Project 4: Classification (Due: Nov 19, 2013)


Which Digit?


Introduction

In this project, you will design two classifiers: a naive Bayes classifier and Decision tree classifier. You will test your classifiers on a image data set: a set of scanned handwritten digit images. Even with simple features, your classifiers will be able to do quite well on these tasks when given enough training data.

Optical character recognition (OCR) is the task of extracting text from image sources. The first data set on which you will run your classifiers is a collection of handwritten numerical digits (0-9). This is a very commercially useful technology, similar to the technique used by the US post office to route mail by zip codes.

The code for this project includes the following files and data, available as a zip file

Data file
data.zip Data file, including the digit and face data.
Files you will edit
naiveBayes.py The location where you will write your naive Bayes classifier.
id3.py The location where you will write your ID3 (Decision Tree) classifier.
dataClassifier.py The wrapper code that will call your classifiers. You will also write your enhanced feature extractor here. You will also use this code to analyze the behavior of your classifier.
answers.py Answers to Question 3 go here.
Files you should read but NOT edit
classificationMethod.py Abstract super class for the classifiers you will write.
(You should read this file carefully to see how the infrastructure is set up.)
samples.py I/O code to read in the classification data.
util.py Code defining some useful tools. You may be familiar with some of these by now, and they will save you a lot of time.
mostFrequent.py A simple baseline classifier that just labels every instance as the most frequent class.

What to submit: You will fill in portions of naiveBayes.py,dataClassifier.py and answers.py (only) during the assignment, also you need to write the whole class for Decision Tree classifier in id3.py and submit them.

Academic Dishonesty: We will be checking your code against other submissions in the class for logical redundancy. If you copy someone else's code and submit it with minor changes, we will know. These cheat detectors are quite hard to fool, so please don't try. We trust you all to submit your own work only; please don't let us down. Instead, contact the course staff if you are having trouble.

Getting Started

To try out the classification pipeline, run dataClassifier.py from the command line. This will classify the digit data using the default classifier (mostFrequent) which blindly classifies every example with the most frequent label.

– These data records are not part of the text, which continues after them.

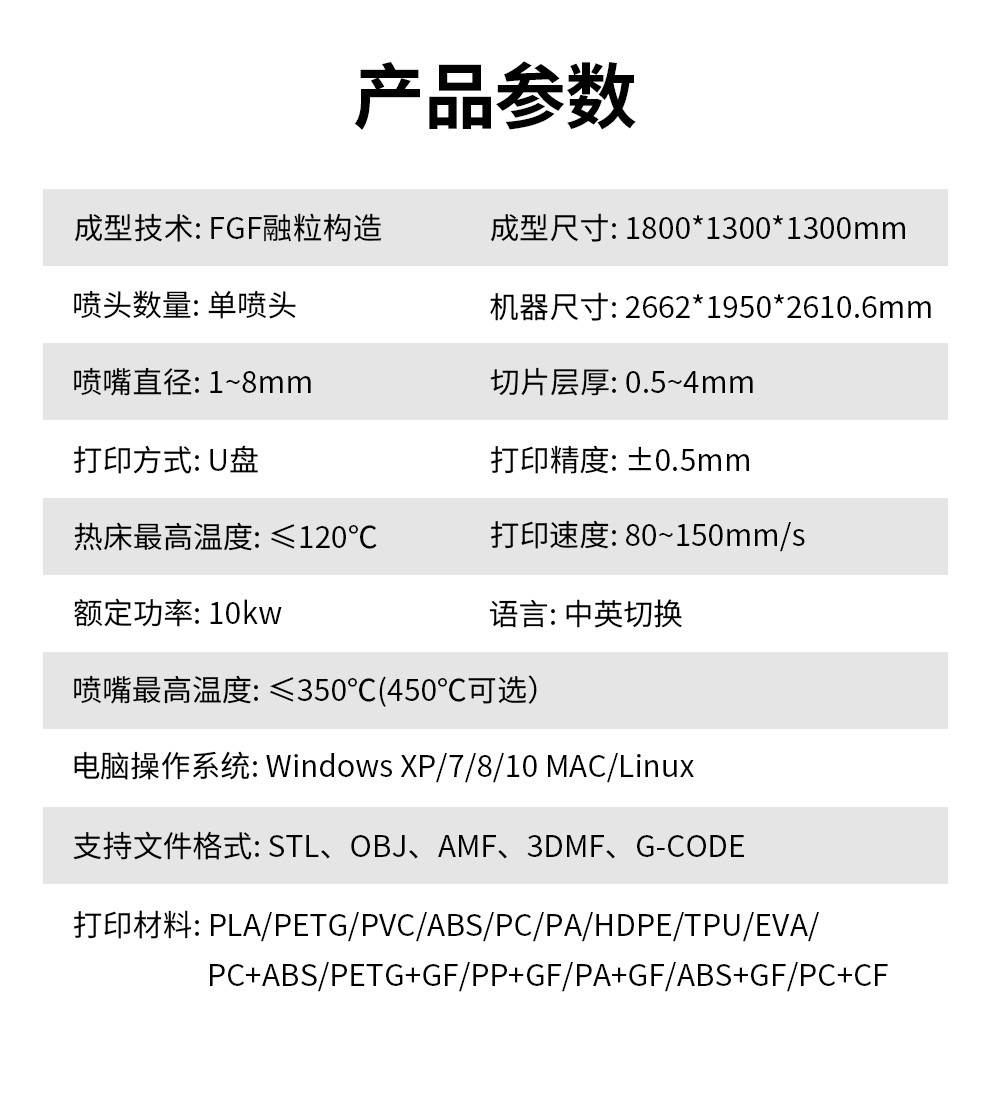 1.8米的超大打印尺寸,適配多種顆粒料耗材,具備更強大的塑造能力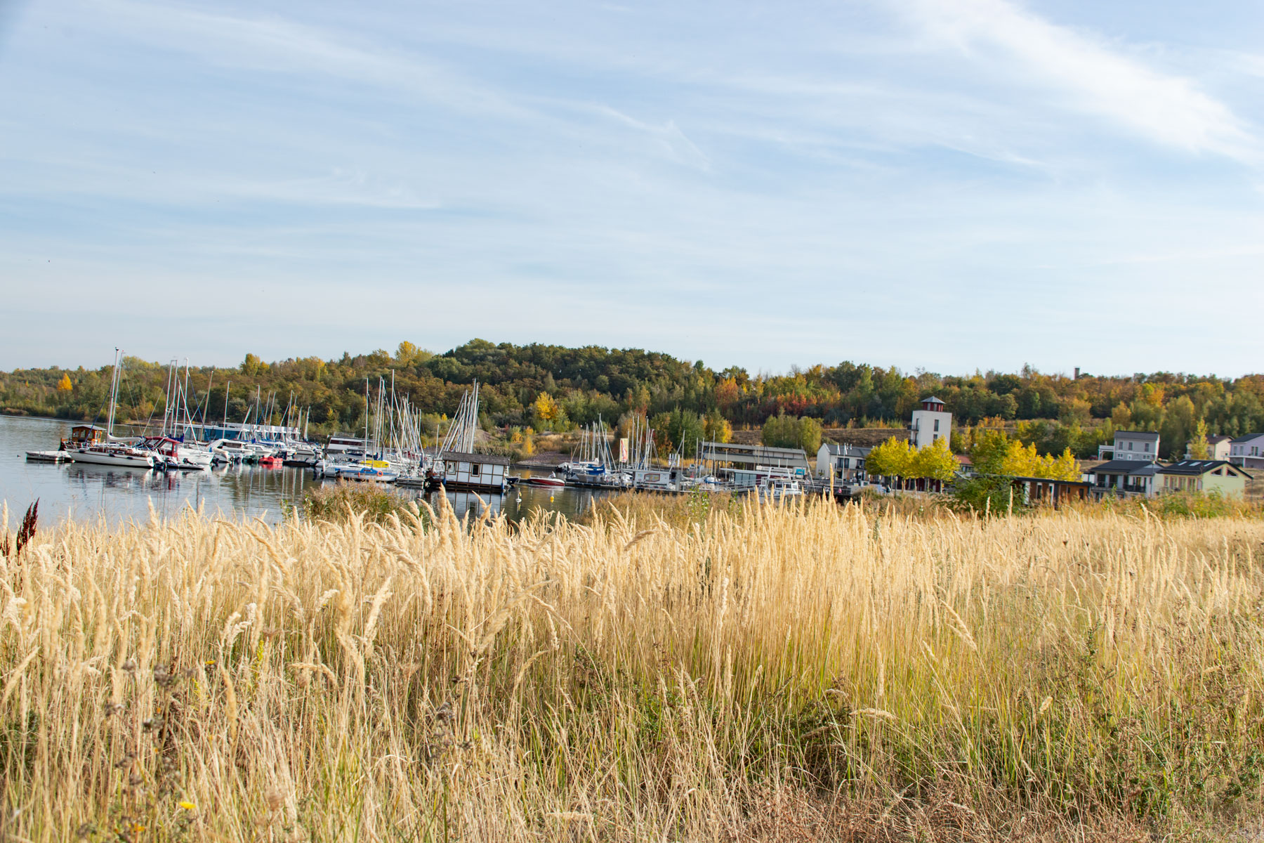 Mitte Oktober ist die Saison in der Marina Mücheln eigentlich schon vorbei, ein Teil der Gastronomie war geschlossen, der Bootsverleih hatte aber glücklicherweise noch geöffnet, sodass wir eine Runde auf dem See drehen konnten. Auch an direkt umliegenden Supermärkten mangelte es nicht, wir konnten uns jeden Tag mit frischen Lebensmitteln eindecken.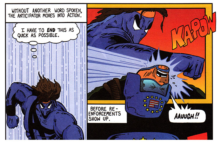 His name is Brent Black, but he's better known as the Anticipator. Who is, in turn, better known as "trouble." He's changed so much in such a short time! Mostly thanks to the inflatable-muscles suit he bought, and his spinal dislocation.

python dataClassifier.py  

As usual, you can learn more about the possible command line options by running:

python dataClassifier.py -h  

We have defined some simple features for you. Later you will design some better features. Our simple feature set includes one feature for each pixel location, which can take values 0 or 1 (off or on). The features are encoded as a Counter where keys are feature locations (represented as (column,row)) and values are 0 or 1.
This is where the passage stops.